3.4 Notice of Termination . If Company or Executive desires to terminate Executive's employment hereunder at any time prior to expiration of the term of employment as provided in Section 3.1, Company or Executive shall do so by giving written notice of such termination to the other party and stating the effective date and reason for such termination; provided, however, that no such action shall alter or amend any other provisions hereof or rights arising hereunder, including, without limitation, the provisions of Articles V and VI hereof. For all purposes of this Agreement, Executive shall be considered to have terminated employment with Company when Executive incurs a "separation from service" with Company within the meaning of Section 409A(a)(2)(A)(i) of the Code and applicable administrative guidance issued thereunder.
IV.
Effect of Termination of Employment
4.1 Termination By Expiration of Term . If Executive's employment hereunder shall terminate upon expiration of the term provided in Section 3.1 hereof, all compensation and all benefits to Executive hereunder shall terminate contemporaneously with termination of Executive's employment, except for such benefits as may be required by law.

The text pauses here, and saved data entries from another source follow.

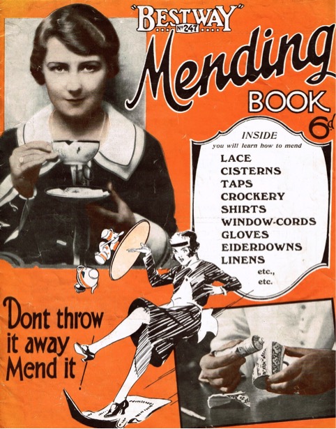 ตัวอย่างตำราหรือคู่มือว่าด้วยการเย็บ ซ่อม ปะ ชุน (Make Do and Mend) ในภาพเป็นตำราสอนชุนผ้าและซ่อมแซมสิ่งของต่าง ๆ ในบ้านเรือน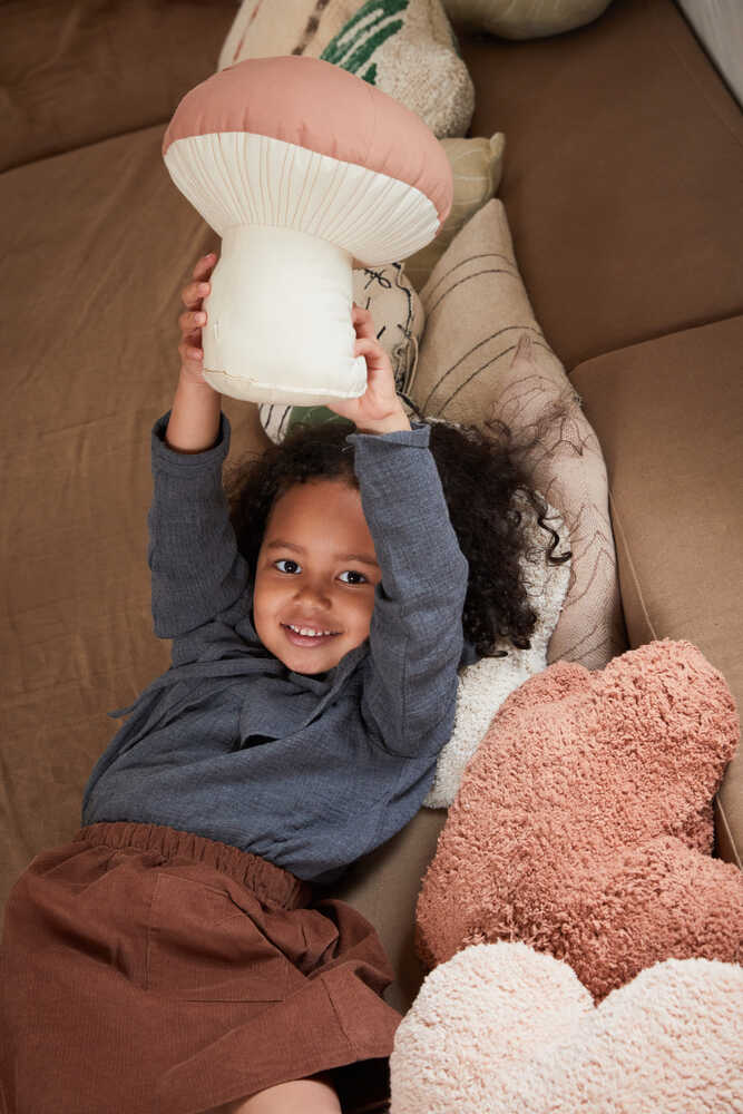 The Boletus cushion is soft and cozy. Made of organic cotton poplin, it is shaped as a mushroom, with details in embroidery, combining soft shades of Natural and Chestnut colors. Filled with soft polyfill..
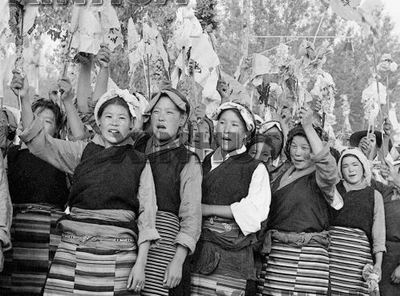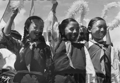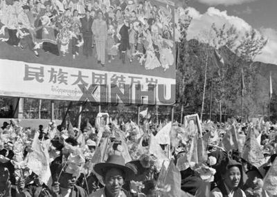1965年9月9日 拉萨各界各族人民三万多人举行集会游行,热烈庆祝西藏自治区正式成立。

4.2 Termination By Company . If Executive's employment hereunder shall be terminated by Company prior to expiration of the term provided in Section 3.1, regardless of the reason therefor, all compensation and benefits to Executive hereunder shall terminate contemporaneously with the termination of such employment; provided, however, that if such termination shall be for any reason other than those encompassed by Section 3.2(i), 3.2(ii), 3.2(iii), or 3.2(iv), Company shall (i) pay Executive a Termination Payment and (ii) provide Executive with Severance Benefits; provided further, however, that if termination is pursuant to Section 3.2(i) or 3.2(ii), the Company will provide Employee's spouse and dependent children with the benefits covered under Section 8.1(15)(iv); and provided further that all outstanding stock options granted by Company to Executive shall immediately become fully vested and immediately exercisable in full as provided under Section 8.1(15)(ii). The Termination Payment described in the preceding sentence shall be paid by Company to Executive within thirty days after the last day of Executive's employment with Company; provided, however, that, if required to satisfy the provisions of Section 409A(a)(2)(B)(i) of the Code, the portion of the Termination Payment that is in excess of the Grandfathered Severance Amount (with interest on such portion from the date of Executive's termination of employment to the actual date of payment at the prime rate of interest published in The Wall Street Journal on the date of termination of Executive's employment (or if not published on that date, on the next following date when published) (the " Section 409A Interest Rate ")) shall be paid by Company to Executive not earlier than but as soon as practicable on or in any event within five days after the earlier of the date of Executive's death or the date that is six (6) months after the date of termination of Executive's employment (the " Section 409A Paymen t Date "). Executive hereby agrees to be bound by Company's determination of its "specified employees" (as such term is defined in Section 409A of the Code) in accordance with any of the methods permitted under the regulations issued under Section 409A of the Code.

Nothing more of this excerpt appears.